[Records from a data collection]
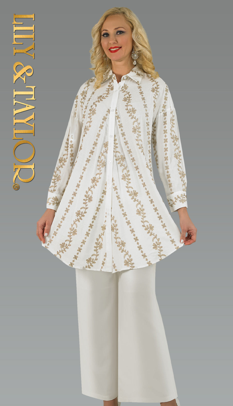 The Lily And Taylor 5054-WWG is a stunning addition to any wardrobe, designed for elegance and comfort. This beautifully crafted garment features a soft, flowing silhouette that flatters all body types. The intricate floral embroidery adds a touch of sophistication, while the lightweight fabric ensures you'll remain comfortable all day long.
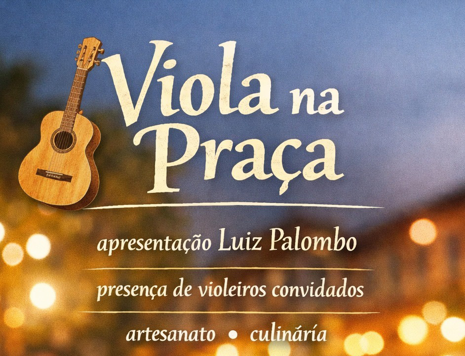 O “Viola na Praça” apresenta música caipira e violeiros da cidade e região, além do “Palco Livre”, sob a apresentação de Luiz Palombo, com os artistas que se inscreverem na hora.
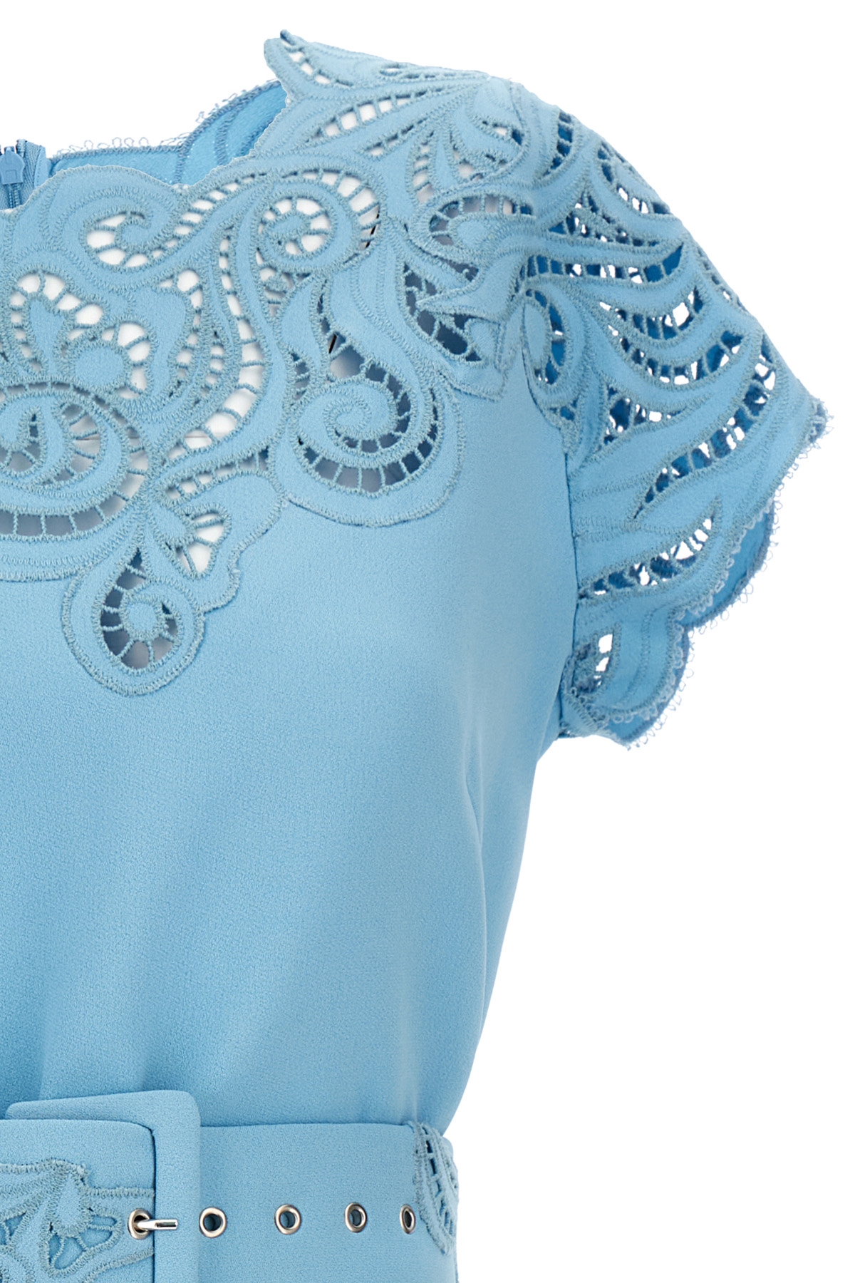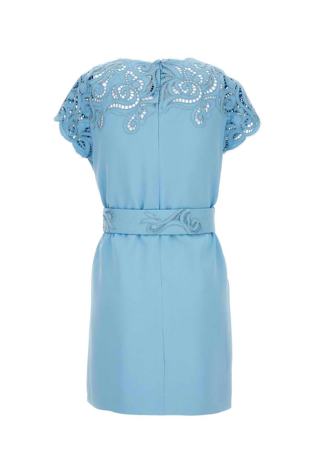 Viscose blend dress with lace detail, crewneck, short sleeves and a back zip closure.
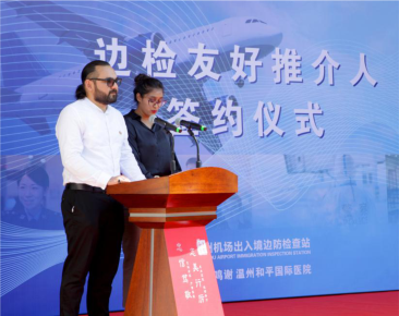 9月17日,溫州機場出入境邊防檢查站舉行“邊檢友好推介人”簽約儀式,溫州和平國際醫(yī)院醫(yī)生豪孟德Hamad Abdul Zahir、蘇瑪Sumayyah Hosany夫婦受邀擔任該站“邊檢友好推介人”,頒發(fā)榮譽聘書,夫婦二人今后將參與到該站外國旅客出入境政策解讀宣講、出入境注意事項指引等工作中。
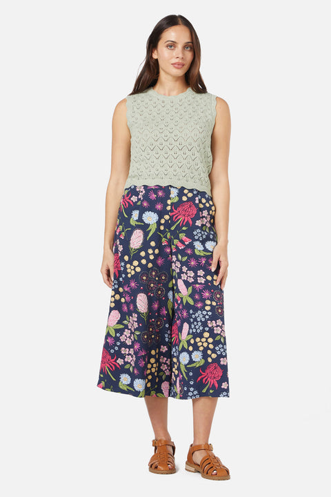 Blød, sød og ubesværet vintage – Lana Pointelle Knit Top fra Princess Highway er en drømmende tilføjelse til din garderobe. Denne salviegrønne og cremefarvede skønhed er fremstillet i en delikat diamantformet pointelle-strik og giver ethvert outfit et strejf af nostalgisk charme. Med en rund halsudskæring, kort længde og ærmeløs stil er den perfekt til at have på lag eller alene på solrige dage. De bølgede kanter langs halsudskæringen, ærmegabene og kanten tilføjer et elegant, feminint touch, der gør denne top lige så fortryllende som en spadseretur gennem en eng med vilde blomster.
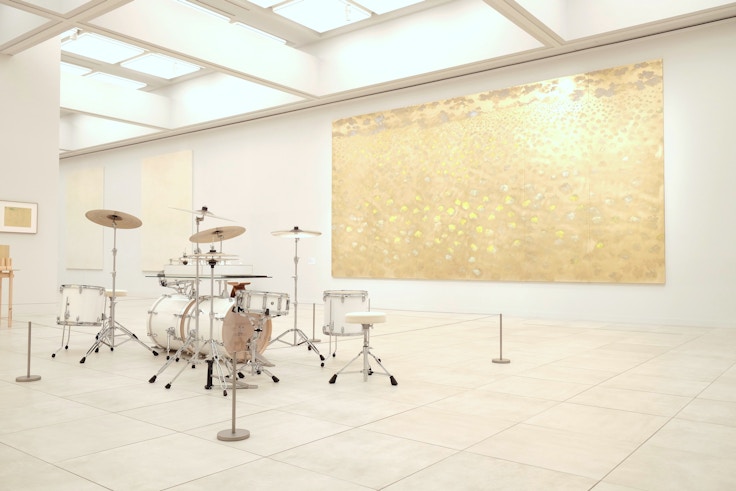 また、ドラムを囲うように展示された金色に輝く平面作品群は「私にはすべては光り輝いて映る」と銘打たれている。真鍮に特殊な加工を施し、オイルパステルや油彩、鉛筆でドローイングを行った本作は、いずれも作家の視線の動きをトレースするように描かれている。真鍮が跳ね返す光と作家の視線が交錯するようだ。
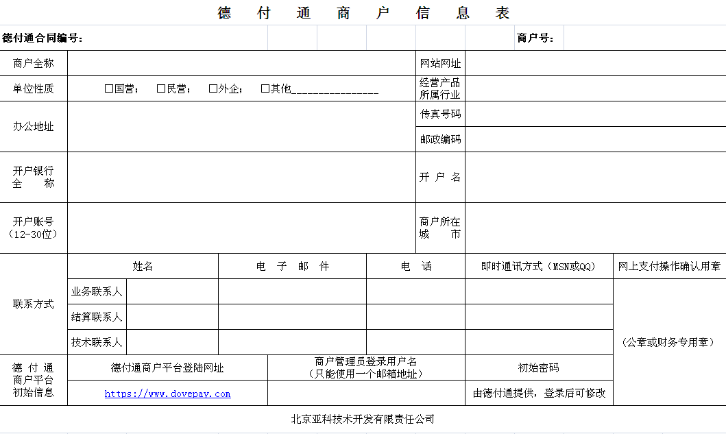 注:企业商户需向支付平台提供营业执照副本复印件(加盖公章)。
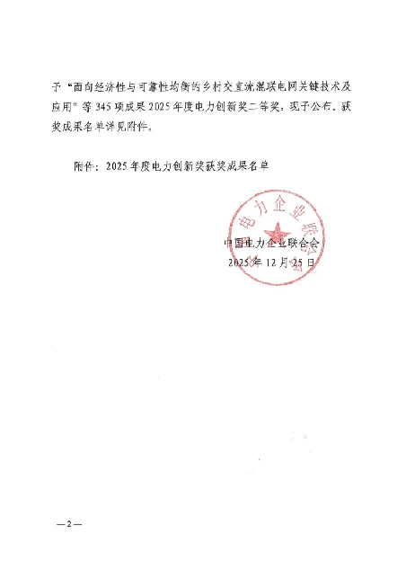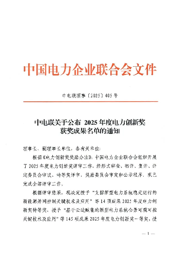 中国电力企业联合会电力创新奖是我国电力行业最具权威性的科技奖项之一,旨在表彰在电力技术领域取得重大创新突破并产生显著经济效益或社会效益的成果。此次获奖,是对杨昊副教授及其合作团队在电力装备与电网运维领域研究工作的肯定,也体现了公司在服务国家能源战略和电力行业实际需求方面所做的积极努力。
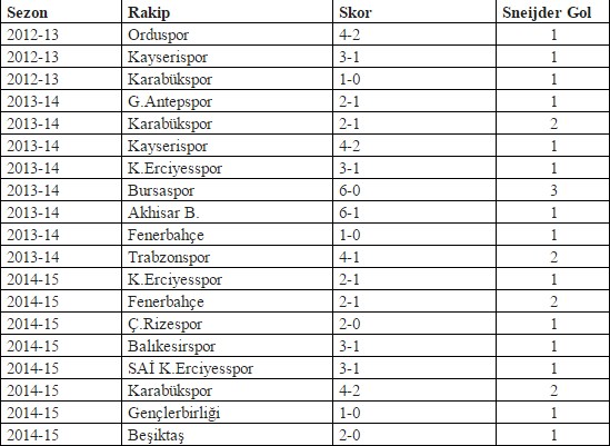 Bu sezon 8 farklı maçta, geçen sezon 8 farklı maçta ve 2012-13 sezonunda ise 3 farklı maçta gol atan Sneijder toplamda 25 gol attı.
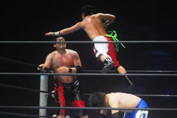 滝澤は石川をコーナーに振って串刺しエルボー、トマトも滝澤を踏み台にして串刺しエルボー(右写真)。
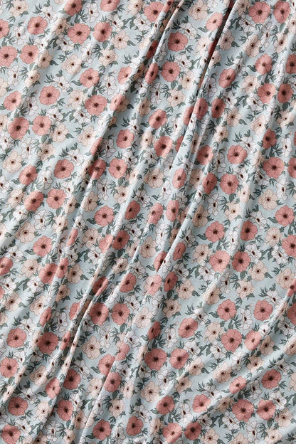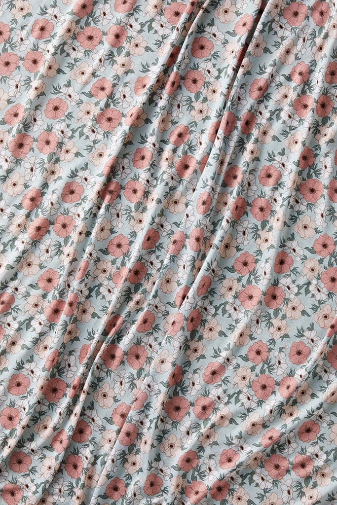 Windflower: Anemones in muted pinks and white nestle together atop a sky blue base. Designed in collaboration with Teresa Chan. Print is one-sided.
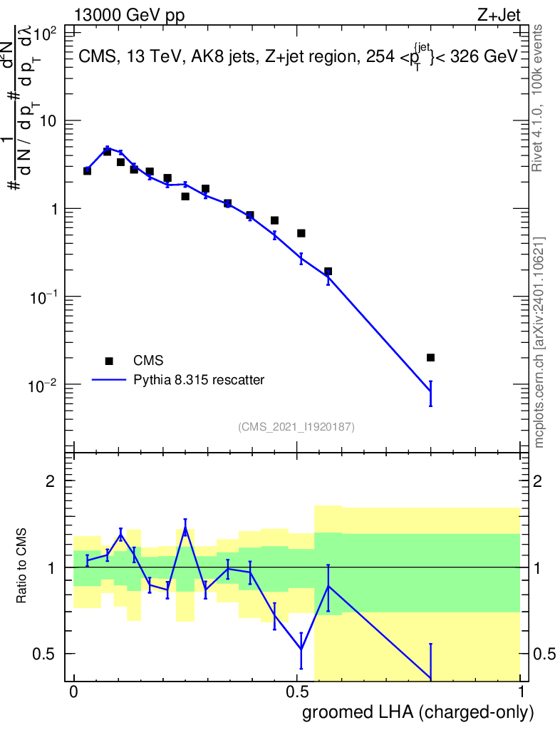 Lines: data, pythia8 8.315 rescatter |

TASK OBJECTIVE:
Only the lines from the one containing "Viscose blend dress" through the end of the records are wanted, set down exactly and without their pictures.

TASK OUTPUT:
 Viscose blend dress with lace detail, crewneck, short sleeves and a back zip closure.
 9月17日,溫州機場出入境邊防檢查站舉行“邊檢友好推介人”簽約儀式,溫州和平國際醫(yī)院醫(yī)生豪孟德Hamad Abdul Zahir、蘇瑪Sumayyah Hosany夫婦受邀擔任該站“邊檢友好推介人”,頒發(fā)榮譽聘書,夫婦二人今后將參與到該站外國旅客出入境政策解讀宣講、出入境注意事項指引等工作中。
 Blød, sød og ubesværet vintage – Lana Pointelle Knit Top fra Princess Highway er en drømmende tilføjelse til din garderobe. Denne salviegrønne og cremefarvede skønhed er fremstillet i en delikat diamantformet pointelle-strik og giver ethvert outfit et strejf af nostalgisk charme. Med en rund halsudskæring, kort længde og ærmeløs stil er den perfekt til at have på lag eller alene på solrige dage. De bølgede kanter langs halsudskæringen, ærmegabene og kanten tilføjer et elegant, feminint touch, der gør denne top lige så fortryllende som en spadseretur gennem en eng med vilde blomster.
 また、ドラムを囲うように展示された金色に輝く平面作品群は「私にはすべては光り輝いて映る」と銘打たれている。真鍮に特殊な加工を施し、オイルパステルや油彩、鉛筆でドローイングを行った本作は、いずれも作家の視線の動きをトレースするように描かれている。真鍮が跳ね返す光と作家の視線が交錯するようだ。
 注:企业商户需向支付平台提供营业执照副本复印件(加盖公章)。
 中国电力企业联合会电力创新奖是我国电力行业最具权威性的科技奖项之一,旨在表彰在电力技术领域取得重大创新突破并产生显著经济效益或社会效益的成果。此次获奖,是对杨昊副教授及其合作团队在电力装备与电网运维领域研究工作的肯定,也体现了公司在服务国家能源战略和电力行业实际需求方面所做的积极努力。
 Bu sezon 8 farklı maçta, geçen sezon 8 farklı maçta ve 2012-13 sezonunda ise 3 farklı maçta gol atan Sneijder toplamda 25 gol attı.
 滝澤は石川をコーナーに振って串刺しエルボー、トマトも滝澤を踏み台にして串刺しエルボー(右写真)。
 Windflower: Anemones in muted pinks and white nestle together atop a sky blue base. Designed in collaboration with Teresa Chan. Print is one-sided.
 Lines: data, pythia8 8.315 rescatter |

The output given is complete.